Discussion in 'C++' started by Rich S., Oct 5, 2005.

  1. Rich S.

    Rich S. Guest

    Hi

    In an earlier posting I was asking how to read thru millions of data records
    keeping the top 2000 (where the top values are based upon a field in the
    record) and niklasb suggested using a priority_queue like so


    ------------------- start old message ---------------------
    A more efficient way than what you describe would be
    to use priority_queue.
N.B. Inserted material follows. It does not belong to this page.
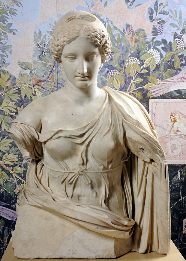 La mostra, grazie a capolavori archeologici della Magna Grecia e dell’arte romana, per arrivare a Tiepolo, Tintoretto ad Auguste Rodin a Salvador Dalì, segue le diverse fasi del racconto di Apuleio – dalla passione alla serenità raggiunta attraverso la speranza. Il racconto prende le mosse dalla rivalità nel nome della bellezza. Psiche, nuova Afrodite terrestre, crea inconsapevolmente un sovvertimento dell’ordine cosmico e mina l’armonia stessa del mondo degli dei. Dall’altro canto, Afrodite – dea della bellezza e dell’amore, che presiede alla fertilità del cosmo su cui agisce la potenza creatrice di Eros – è indignata per l’umana superbia di una mortale che vuole competere con il suo fascino.

Define the predicate in such
    a way that the top() always returns the lowest scoring
    object.

    Let q be the priority_queue and suppose you want to
    find the top N scores (where N is 2000 in your example),
    the pseudo-code would be something like this:

    q.reserve(N);

    // add the first N elements to the priority queue
    for (i = 0; i < N; ++i)
    {
    if (!ReadRecord(&obj))
    break;

    q.push(obj);
    }

    // invariant: q contains highest N elements
    // q.top() is the lowest of the highest N elements
    while (ReadRecord(&obj))
    {
    if (obj > q.top())
    {
    q.pop();
    q.push(obj);
    }
    }

    ------------------- end of old message ---------------------

    This is working well for me but I'm getting cases where I have duplicate
    records in the top 2000 and I'm not quite sure how to fix that problem.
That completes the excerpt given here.